邵承意识尚不清明,身边的人一动, 先引得他支楞出胳膊摇晃,贴着冉桃柔嫩的肌肤下意识往怀里按了按, 箍在他腰肢上道:“桃桃乖, 再陪我睡一会。”
他顺势把人往上一托, 就着朦胧睡眼吻在他前额,突然被反勾着脖子一啃,绵绵的痛感一刺,催着他清醒过来。
邵承强打起精神开眼, 发现是怀里的小家伙正在他颈侧为非作歹。
“桃桃,怎么了?咬得我好疼。”没有开灯, 熹微的晨光下看不清冉桃的表情, 邵承配合地闷哼几声,果然见小霸王缩了脖子, 滚到一边一动不敢动地装死。
小怂包抵赖现场。
邵承眉一挑,忽然有了计较。
“我数到十, 你过来我就不追究, 不然我就得报复回去。一, 十。”邵承锱铢必较, 在冉桃呆滞的目光下板着脸把人囚了,警告道,“你咬我,我得还下来,这是江湖规矩。”
说完,便狠狠吻了上去。
邵承喜欢冉桃的唇,温软滑糯,咬起来像含着两片花瓣似的鲜润,若吻地仔细,啧啧水声一响,小怂包就只有细吟吟喘息的份。
冉桃的确不顶用,水津津的唇舌受制于人,哭腔便一味地往上漫,“唔唔”个不停,连连喊着“逸之”求饶,听得罪魁祸首心惊肉跳。
不逗了,再逗又得起火,邵承心疼冉桃受不住一个激情的早晨,苦哈哈一想,手不觉撤了三寸,往他鼻尖捏了捏,认输道:“得了,没法,你是我老大行不行?”
“嗯?”冉桃被亲地反应慢半拍,晕头转向,被松开好几分钟后才想起算账的事来,一骨碌爬到邵承跟前,凶恶地骑在床上,活像一方镇纸,任少爷要戳来戳去,纹丝不动。
“你就知道欺负我!你要是再惹我,我……我就跟你拼了!”冉桃叉着腰放狠话,可丝被滑落,露出一半的肩胛红痕遍布,实在没有威慑力,怎么看怎么像只纸老虎。
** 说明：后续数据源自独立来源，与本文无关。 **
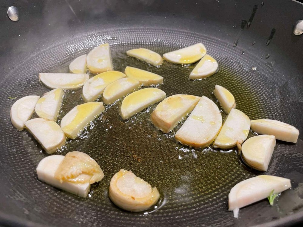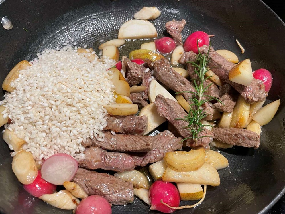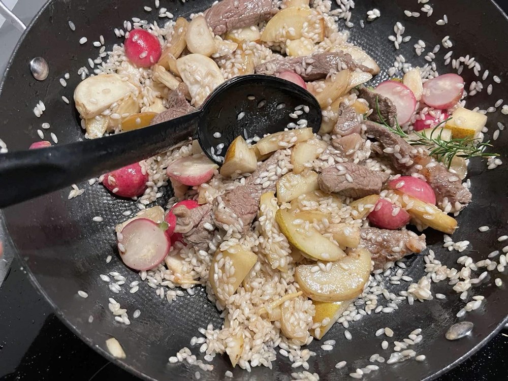 Zatim dodamo trakice kruške i polovice rotkvice, čajnu žličicu cvijeta morske soli, pa uz miješanje kuhačom dinstamo na srednje jakoj vatri cca 5 do 7 minuta. Nakon toga dodamo za dvije osobe cca 3 šake riže… Uz konstantno miješanje na srednje jakoj vatri sve ovo lagano pržimo sve dok riža ne postane staklastog izgleda, zatim dodamo 1,5 dcl vode (dodajem vodu a ne povrtni temeljac iz razloga što želim imati izdvojen okus kruške i rotkvice, povrtni temeljac bi ga izjednačio i dodao okuse luka i mrkve ili što ste već stavili u temeljac).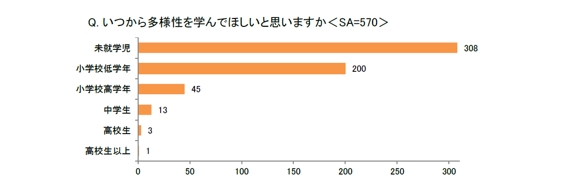 「子どもたちが多様性を学べる機会は十分に整っていると思いますか<SA>」の問では、「十分に整っている」(2)と「整いつつある」(127)を合わせても、全体の約2割に留まる結果となり、まだ多様性について学べる環境が足りていないと考える親が多いことがわかりました。また、「いつから多様性を学んでほしいと思いますか<SA>」の問では、「未就学児」(308)が第1位で最も多く、次いで「小学校低学年」(200)があげられました。この結果から、早い段階から多様性について学ぶ必要があると考えている親が多いことが伺えます。

邵承弯起眼,暖意染上眉梢,伸手去捏他没盖好的小肚子。
冉桃十级怕痒,被揉得咯咯笑,黏黏糊糊推不开作乱的手:“唔……别、好痒!”
他挣扎得像条鱼,十分没面子。
这人现在正是泼皮耍赖的时候,奈何碰上个比他更浑不要脸的,一点也拿捏不住,气得他拉起被子将自己蒙得严丝不透风,等黑暗把自己环抱得彻底,才咕咕哝哝地发出吃痛的抱怨。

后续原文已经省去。